§ **WORK TO COMPLETE**: In the lines below, output everything from the first line through the line containing "Root densities (A)" exactly as it is. Pictures are not part of the output.

§ **DATA**:
=== Begin Enclosure ===
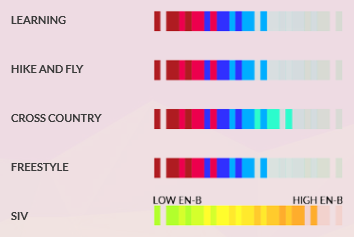 Wyniki testów certyfikacyjnych i wynikająca z nich możliwość bezpiecznego latania z większym obciążeniem od założonego, zaowocowały decyzją o rozszeszeniu certyfikowanego zakresu wagowego dla 4-rech rozmiarów XS = 50-70, S = 60-95, M = 75-100, ML = 88-113.
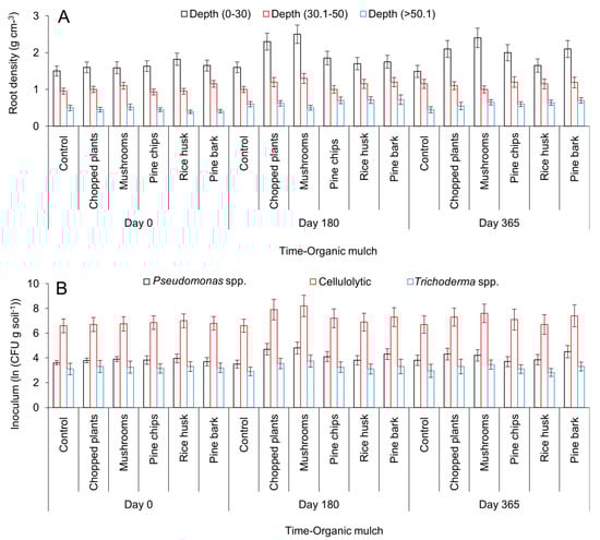 Root densities (A) and rhizosphere microorganism populations (B) measured after the addition of organic mulch in avocado plants. Error bars represent the confidence interval of the mean, validated by the Tukey mean separation test. No overlapping of the error bars indicates significant differences (p > 0.05).
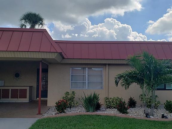 Waterfront Villa with Canal Views Pet Friendly! Welcome to this nicely furnished two-bedroom, two-bath ground-level villa located on a tranquil canal where dolphins and manatees are known to stop by for a visit! This updated villa features modern flooring and a renovated kitchen with a breakfast bar, perfect for casual meals or entertaining. The open-concept living and dining area flows seamlessly into a light-filled Florida room, offering an inviting space to relax indoors while enjoying the view. The primary bedroom includes a queen bed and en suite bath with a walk-in shower. The guest bedroom also has a queen bed and a full bath with a tub/shower combination. Step outside to your patio overlooking the water fully equipped with a table, chairs, and umbrella for alfresco dining. There's also an attached carport with extra storage and a dock, ideal for watching marine life up close. And yes your well-behaved fur-friend is welcome! Located just 4 miles from the beach, this peaceful retreat blends nature, comfort, and convenience.
=== End Enclosure ===
§ **RESULT FOR THIS EXERCISE**:
 Wyniki testów certyfikacyjnych i wynikająca z nich możliwość bezpiecznego latania z większym obciążeniem od założonego, zaowocowały decyzją o rozszeszeniu certyfikowanego zakresu wagowego dla 4-rech rozmiarów XS = 50-70, S = 60-95, M = 75-100, ML = 88-113.
 Root densities (A) and rhizosphere microorganism populations (B) measured after the addition of organic mulch in avocado plants. Error bars represent the confidence interval of the mean, validated by the Tukey mean separation test. No overlapping of the error bars indicates significant differences (p > 0.05).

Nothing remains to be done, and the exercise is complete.